While the following section describes the overall features of earthdata-hashdiff, further detailed examples can be found in docs/Using_earthdata-hashdiff.ipynb.

Generating hashed files

JSON files that contain SHA 256 hash values for all variables and groups in a netCDF4 or HDF-5 file can be generated using either the create_h5_hash_file or create_nc4_hash_file.

from earthdata_hashdiff import create_nc4_hash_file


create_nc4_hash_file('path/to/netcdf/file.nc4', 'path/to/output/hash.json')

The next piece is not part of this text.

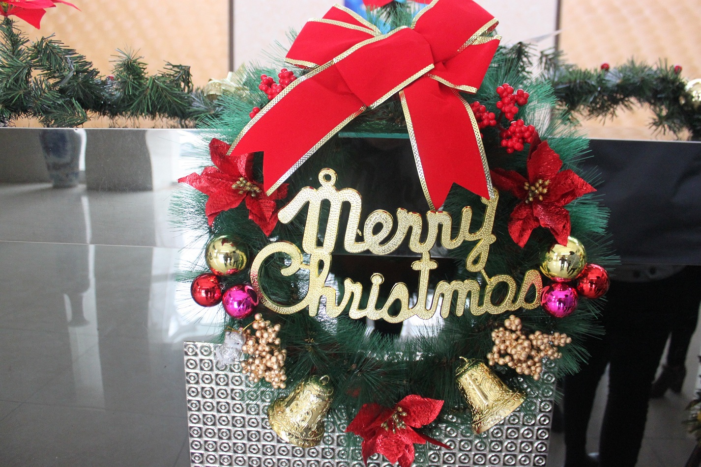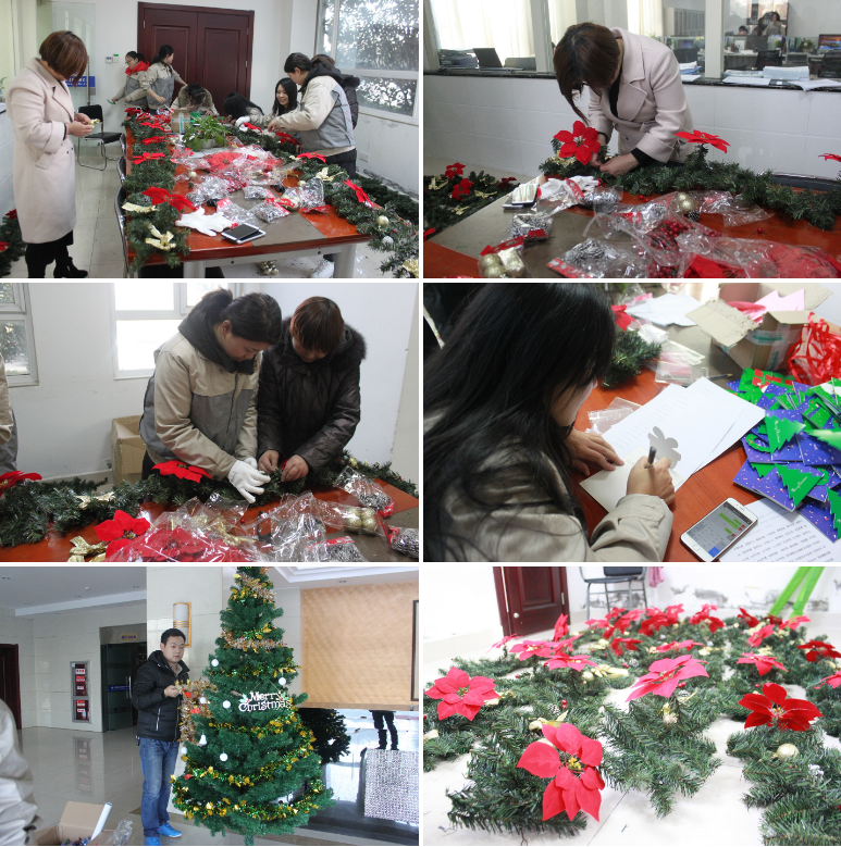 活動現場設在行政大廳,經過大家的努力,把大廳布置的非常漂亮,但前期的工作還是相當大的,寫賀卡、組裝圣誕樹等,還搭配許多裝飾。

The functions to create the hash files have two additional optional arguments:

  • skipped_metadata_attributes - this is a set of strings. When specified, the hashing functionality will not include metadata attributes with that exact name in the calculation of the hash for all variables or groups.
  • xarray_kwargs - this dictionary allows users to specify keyword arguments to xarray when the input file is opened as a dictionary of group objects. The default value for this kwarg is to turn off all xarray decoding for CF Conventions, coordinates, times and time deltas.

Skipping metadata attributes

Some metadata attributes of netCDF4 or HDF-5 files may vary based on when those files are generated. earthdata-hashdiff already omits the history and history_json metadata attributes of all groups and variables when constructing a hash. It is possible to specify further attributes to be omitted from the hash generation:

create_nc4_hash_file(
    'path/to/netcdf/file.nc4',
    'path/to/output/hash.json',
    skipped_metadata_attributes={'attribute_name_one', 'attribute_name_two'},
)

In the example above, neither of the values for metadata attributes with names attribute_name_one or attribute_name_two will be included in the calculation of a hash value for any variable or group in the input file.

Hashing GeoTIFF files

A similar JSON file can be created for a GeoTIFF file:

from earthdata_hashdiff import create_geotiff_hash_file

create_geotiff_hash_file('path/to/geotiff/file.tif', 'path/to/output/hash.json')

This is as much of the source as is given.